2.1 - In a better perfect world, we decide to have only UTF-8. Any data for
which the encoding is known is converted to Unicode. Any errors (invalid
sequences, unmappable values) are marked with U+FFFD and logged or reported.
This is the same as in the first world, except that UTF-8 is used to store
the Unicode data.
2.2 - Any data for which encoding is not known can simply be stored as-is.
2.3 - Again, it is not advisable to attempt to determine the encoding,
unless this process is made very reliable. Typically, this can be achieved
with larger chunks of data, but may be impossible on small chunks, even if
the process is human-assisted.
2.4 - Any data that was stored as-is may contain invalid sequences, but
these are stored as such, in their original form. Therefore, it is possible
to raise an exception (alert) when the data is retrieved. This warns the
user that additional caution is needed. That was not possible in 1.4.
3.1 - Unfortunately we don't live in either of the two perfect worlds, which
makes it even worse. A database on UNIX will typically be (or can be made to
be) 8-bit. Therefore perfectly able to handle UTF-8 data. On Windows
however, there is a lot of support for UTF-16, but trying to work in UTF-8
could prove to be a handicap, if not close to impossible.
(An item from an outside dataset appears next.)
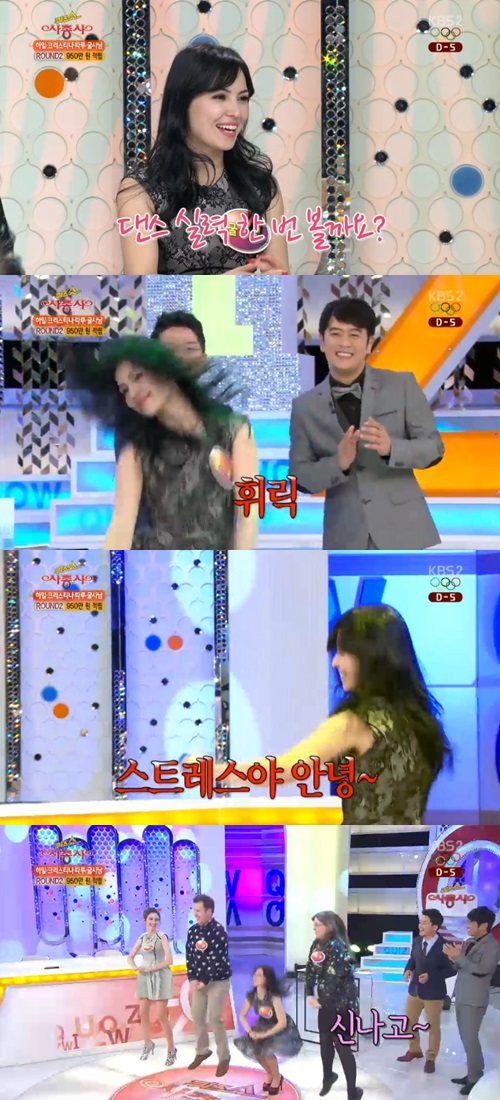이어 굴사남은 음악에 맞춰 격한 댄스를 선보여 박수를 받았다. 그러자 하일, 크리스티나, 따루가 합류해 크레용팝 '빠빠빠' 댄스를 선보였다. 하일은 "난 스트레스 더 받았다"고 호소해 웃음을 자아냈다.
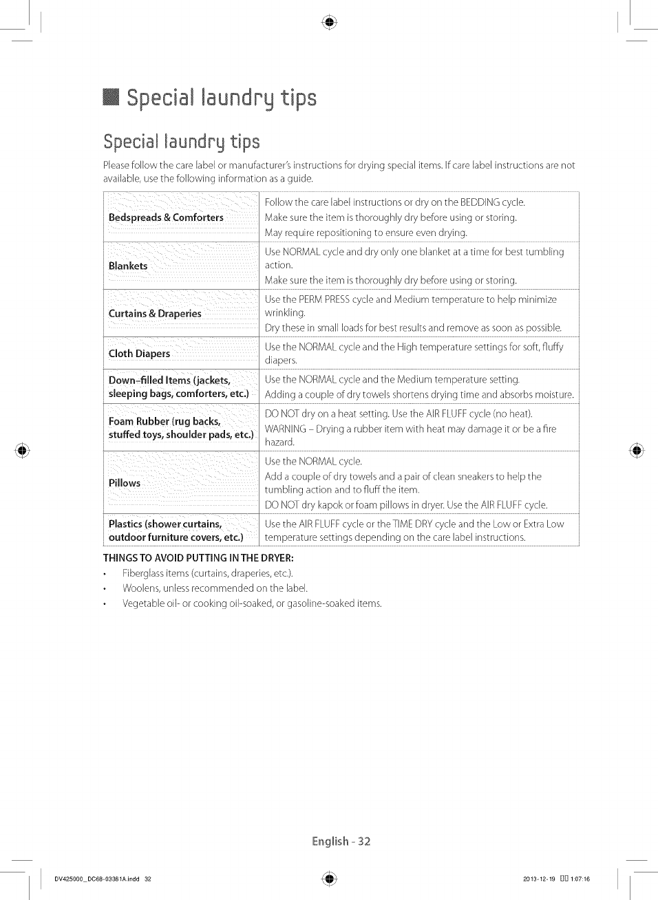 Special laundry tips .................................................................................. 32

3.2 - Adding more UTF-8 support to Windows is of course the right thing to
do. But that takes time. And it just opens the possibility for everyone to
make use of the superior UTF-8 format.
3.3 - For the record: other UTF formats CAN be made equally useful to UTF-8.
It requires 128 codepoints. Back in 2002, I have tried to convince people on
the Unicode mailing list that this should be done, but have failed. I am now
using the PUA for this purpose. And I am even tempted to hope nobody will
never realize the need for these 128 codepoints, because then all my data
will be non-standard.
4.1 - UTF-32 is probably very useful for certain string operations. Changing
case for example. You can do it in-place, like you could with ASCII. Perhaps
it can even be done in UTF-8, I am not sure. But even if it is possible
today, it is definitely not guaranteed that it will always remain so, so one
shouldn't rely on it.
4.2 - But UTF-8 is superior. You can make UTF-8 functions ignore invalid
sequences and preserve them. But as soon as you convert UTF-8 to anything
else, problems begin. You cannot preserve invalid sequences if you convert
to UTF-16 (except by using unpaired surrogates). You can preserve invalid
sequences when converting to UTF-32, but this again means you need to use
undefined values (above 21 bits) in addition to modifying the functions so
they do not modify these values. But then again, if one is to use these
values, then they should be standardized. If so, why use the hyper-values,
why not have them in Unicode?
5.1 - One could say that UTF-8 is inferior, because it has invalid sequences
to start with. But UTF-16 and UTF-32 also have invalid sequences and/or
values. The beauty of UTF-8 is that it can coexist with legacy 8-bit data.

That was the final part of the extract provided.